* About this task:
Take the entries below and write them out exactly, with each picture removed.

* Extracted entries:

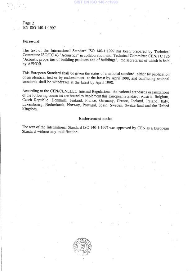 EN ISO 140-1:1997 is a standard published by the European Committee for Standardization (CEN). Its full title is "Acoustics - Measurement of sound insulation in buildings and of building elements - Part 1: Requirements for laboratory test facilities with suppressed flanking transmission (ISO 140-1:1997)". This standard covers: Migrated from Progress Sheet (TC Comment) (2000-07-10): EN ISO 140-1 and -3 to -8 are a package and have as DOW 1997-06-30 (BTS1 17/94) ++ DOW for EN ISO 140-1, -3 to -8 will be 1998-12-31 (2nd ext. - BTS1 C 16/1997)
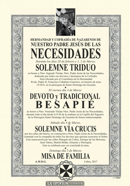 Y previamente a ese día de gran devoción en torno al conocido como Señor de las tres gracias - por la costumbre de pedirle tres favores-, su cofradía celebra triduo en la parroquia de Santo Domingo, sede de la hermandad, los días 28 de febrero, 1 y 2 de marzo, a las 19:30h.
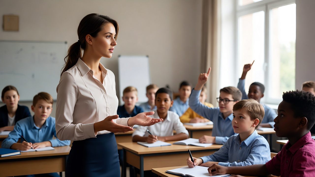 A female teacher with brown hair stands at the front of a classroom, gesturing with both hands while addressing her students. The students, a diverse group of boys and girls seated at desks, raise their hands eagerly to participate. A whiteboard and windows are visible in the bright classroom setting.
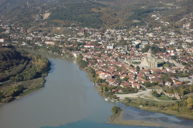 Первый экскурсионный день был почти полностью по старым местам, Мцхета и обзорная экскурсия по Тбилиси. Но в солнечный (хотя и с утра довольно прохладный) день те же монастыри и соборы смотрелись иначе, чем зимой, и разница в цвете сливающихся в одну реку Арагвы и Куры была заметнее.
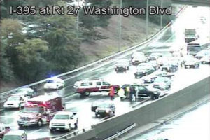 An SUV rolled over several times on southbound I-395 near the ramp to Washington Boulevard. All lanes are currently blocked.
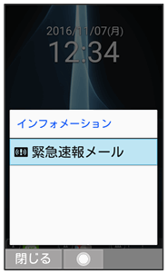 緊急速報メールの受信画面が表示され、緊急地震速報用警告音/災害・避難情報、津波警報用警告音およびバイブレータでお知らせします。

* Task solution:
 EN ISO 140-1:1997 is a standard published by the European Committee for Standardization (CEN). Its full title is "Acoustics - Measurement of sound insulation in buildings and of building elements - Part 1: Requirements for laboratory test facilities with suppressed flanking transmission (ISO 140-1:1997)". This standard covers: Migrated from Progress Sheet (TC Comment) (2000-07-10): EN ISO 140-1 and -3 to -8 are a package and have as DOW 1997-06-30 (BTS1 17/94) ++ DOW for EN ISO 140-1, -3 to -8 will be 1998-12-31 (2nd ext. - BTS1 C 16/1997)
 Y previamente a ese día de gran devoción en torno al conocido como Señor de las tres gracias - por la costumbre de pedirle tres favores-, su cofradía celebra triduo en la parroquia de Santo Domingo, sede de la hermandad, los días 28 de febrero, 1 y 2 de marzo, a las 19:30h.
 A female teacher with brown hair stands at the front of a classroom, gesturing with both hands while addressing her students. The students, a diverse group of boys and girls seated at desks, raise their hands eagerly to participate. A whiteboard and windows are visible in the bright classroom setting.
 Первый экскурсионный день был почти полностью по старым местам, Мцхета и обзорная экскурсия по Тбилиси. Но в солнечный (хотя и с утра довольно прохладный) день те же монастыри и соборы смотрелись иначе, чем зимой, и разница в цвете сливающихся в одну реку Арагвы и Куры была заметнее.
 An SUV rolled over several times on southbound I-395 near the ramp to Washington Boulevard. All lanes are currently blocked.
 緊急速報メールの受信画面が表示され、緊急地震速報用警告音/災害・避難情報、津波警報用警告音およびバイブレータでお知らせします。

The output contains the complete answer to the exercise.